Exercise directions:
The material below is to be copied exactly from the line with "9788メダル獲得! 使用チケ22、ボーナス中197G残しで時間切れ勿体ない... 設定6券が珍しく仕事しました" up to and including the line with "Sideboard Farbe Dunkles", with nothing else kept and no pictures.

Data section:
---
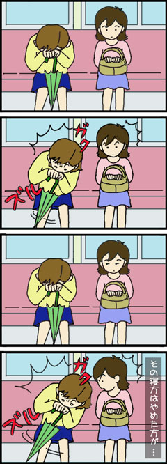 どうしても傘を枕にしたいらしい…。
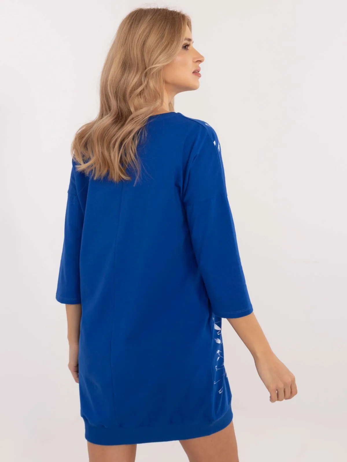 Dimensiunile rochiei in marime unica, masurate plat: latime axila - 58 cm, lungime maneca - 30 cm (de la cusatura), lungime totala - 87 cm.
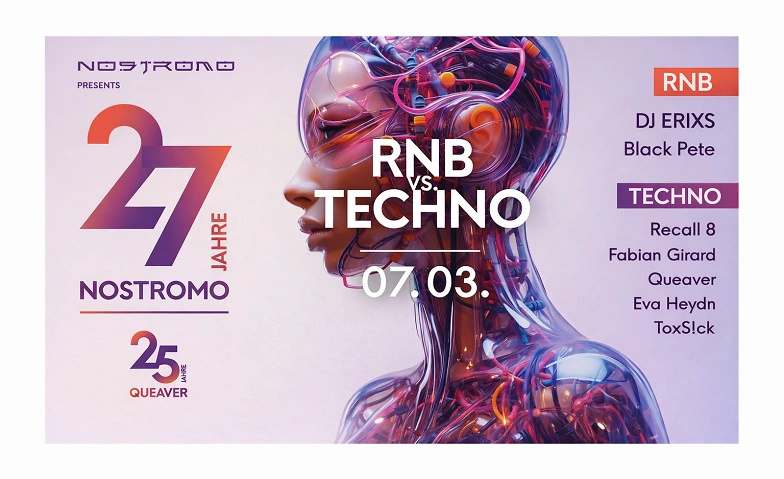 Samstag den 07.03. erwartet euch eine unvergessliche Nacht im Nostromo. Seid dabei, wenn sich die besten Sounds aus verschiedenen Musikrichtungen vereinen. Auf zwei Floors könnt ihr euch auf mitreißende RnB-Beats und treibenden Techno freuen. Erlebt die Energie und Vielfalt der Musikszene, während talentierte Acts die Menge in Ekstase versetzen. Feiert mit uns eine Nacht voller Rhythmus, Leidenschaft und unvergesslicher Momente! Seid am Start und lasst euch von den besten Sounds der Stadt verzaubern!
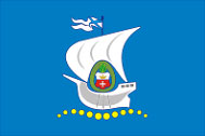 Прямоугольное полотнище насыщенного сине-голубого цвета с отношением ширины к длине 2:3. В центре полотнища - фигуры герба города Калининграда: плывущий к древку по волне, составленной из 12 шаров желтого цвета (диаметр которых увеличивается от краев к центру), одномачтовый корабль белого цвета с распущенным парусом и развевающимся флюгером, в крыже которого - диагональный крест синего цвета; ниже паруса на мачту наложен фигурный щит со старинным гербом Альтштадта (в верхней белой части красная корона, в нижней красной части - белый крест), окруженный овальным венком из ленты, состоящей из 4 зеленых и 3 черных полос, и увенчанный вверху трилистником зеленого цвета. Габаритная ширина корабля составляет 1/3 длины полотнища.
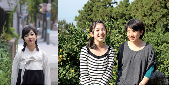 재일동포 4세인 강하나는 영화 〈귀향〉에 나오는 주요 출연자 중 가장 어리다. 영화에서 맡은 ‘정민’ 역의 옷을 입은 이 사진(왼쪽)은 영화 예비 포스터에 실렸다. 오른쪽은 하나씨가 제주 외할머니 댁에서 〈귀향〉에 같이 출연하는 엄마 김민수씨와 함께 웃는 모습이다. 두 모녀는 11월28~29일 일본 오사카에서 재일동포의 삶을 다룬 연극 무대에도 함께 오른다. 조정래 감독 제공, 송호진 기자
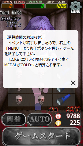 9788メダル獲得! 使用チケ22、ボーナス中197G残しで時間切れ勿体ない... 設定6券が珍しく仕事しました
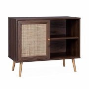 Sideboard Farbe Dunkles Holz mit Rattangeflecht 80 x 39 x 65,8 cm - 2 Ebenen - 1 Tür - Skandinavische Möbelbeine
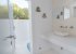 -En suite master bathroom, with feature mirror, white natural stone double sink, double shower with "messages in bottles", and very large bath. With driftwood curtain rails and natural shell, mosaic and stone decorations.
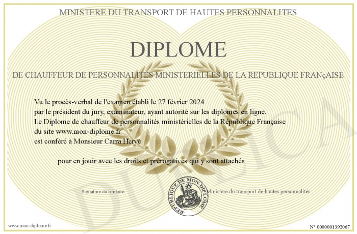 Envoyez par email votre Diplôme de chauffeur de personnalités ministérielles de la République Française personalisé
---
Answer below:
 9788メダル獲得! 使用チケ22、ボーナス中197G残しで時間切れ勿体ない... 設定6券が珍しく仕事しました
 Sideboard Farbe Dunkles Holz mit Rattangeflecht 80 x 39 x 65,8 cm - 2 Ebenen - 1 Tür - Skandinavische Möbelbeine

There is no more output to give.